U.S. bond market tantrum: Here's what it would mean for the Fed

451
5
U.S. bond market tantrum: Here's what it would mean for the Fed

The bond market tantrum that drives up yields can be a fearsome prospect for central banks, but the U.S. Federal Reserve might just welcome a sell-off that lifts Treasury yields towards levels that better reflect the robust state of the economy.

Persistently low yields are a feature of bond markets in developed world, with global banks mostly in no hurry to raise interest rates and a global savings glut that keeps debt securities in constant demand.

But in the United States, the opposition between fiscal recovery and bond yields is strongest.

Even with growth forecasting to exceed 6% this year and a decrement in sight for the Fed's bond-buying programme at the end of this year, 10 year yields are still stuck at just above 1.3%. The Fed probably enjoyed low yields in the initial stages of the economic recovery, but now needs bonds to respond to the end of pandemic linked recession, said Padhraic Garvey, ING Bank’s head of research for the Americas.

Current pricing, analysts say, looks more consistent with the heightened economic uncertainty, whereas higher yields would align markets more with the signals coming from central banks.

We argue that there needs to be a tantrum to facilitate that. If the Fed had a taper announcement and there was no tantrum in fact that in fact is a problem for the Fed, said ING's Garvey.

Analysts say a bond market tantrum would involve yields rising 75 - 100 basis points bps within a few months.

The original taper tantrum in 2013 boosted U.S. yields just over 100 bps in the four months after that Fed boss Ben Bernanke hinted at an unwinding of stimulus measures in 2012.

But this kind of sudden Jump in yields seems unlikely right now, given how clearly the Fed announced its plans to taper its bond-buying. And as 2013 showed, bond market tantrums carry nasty side effects including equity sell-offs and higher borrowing costs worldwide.

A happy medium, analysts say, would be for benchmark yields to rise 30 - 40 bps to 1.6 - 1.8%.

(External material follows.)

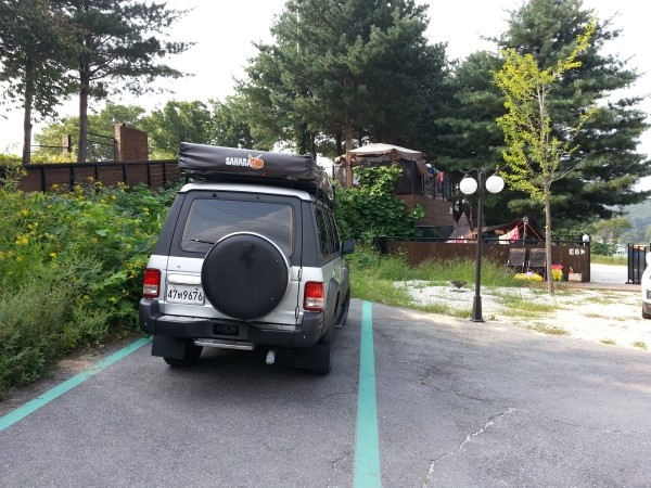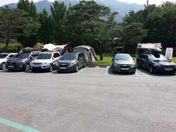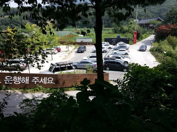 베이스캠프로 진입하기전에 E구역 주차장이 보인다. 주차장은 예약자에 비해서 넉넉한편이다.

In addition to wanting higher yields to better reflect the pace of economic growth, the Fed also needs to recoup some ammunition to counter future economic reversals.

The Fed funds rate - the overnight rate that guides U.S. borrowing costs - is in zero to 0.25% and U.S. policymakers are disinclined, unlike the Bank of Japan and the European Central Bank, to take interest rates negative.

The Fed won't want to find itself in the position of the ECB and BOJ, whose stimulus options at present are limited to raising rates further into negative territory or purchasing more bonds to underwrite government spending.

Jim Leaviss, chief investment officer at M&G Investments for public fixed income, said policymakers would probably like the Fed fund rate to be at 2%, so when we end up in the next downturn, the Fed will have some space to cut interest rates without hitting the lower bound of zero quickly. Another reason high yields could be welcomed is because banks would like steeper yield curves to boost the attractiveness of making short-term loans funded from depositors or markets.

Thomas Costerg, senior economist at Pictet Wealth Management, notes that the gap between the Fed funds rate and 10 - year yields is roughly 125 bps now well below the average 200 bps seen during previous peak economic expansion.

He believes the Fed would favour a 200 bps yield slope, not only because it would validate their view that the economic cycle is healthy but also because a slope of 200 bps is good for the banking sector's maturity transformation. But even a tantrum might not bring a lasting rise in yields.

The Fed should look with envy at Norway and New Zealand, where yields have risen in anticipation of rate hikes, it has stressed that its official rates won't rise for a while.

Structural factors are at play too, including the positive demand for the only AAA-rated bond market with large yields.

The Fed also guides rates in theory at least towards the steady rate of interest, the level where natural employment coincides with full inflation.

This rate shrunk steadily but still falls. Adjusted for natural inflation, the longer-run fund rate - the Fed's proxy for the projected inflation rate - has fallen to 0.5% from 2.4% in 2007. If correct, it leaves the Fed with little leeway.

Demographics and slower trend growth are cited as the reasons for the decline in the natural rate though a paper https: bit.ly 3 nVMxMv presented at the Jackson Hole symposium last month also blamed a rise in income inequality since the 1980s.

The paper said the rich, who are more likely to save, were taking a bigger slice of overall income and the resulting savings glut was weighing on natural rate of interest.

One lesson from this year is that there is a price-insensitive force, a massive gravitational force which is pressing down on Treasury yields, Pictet's Costerg said.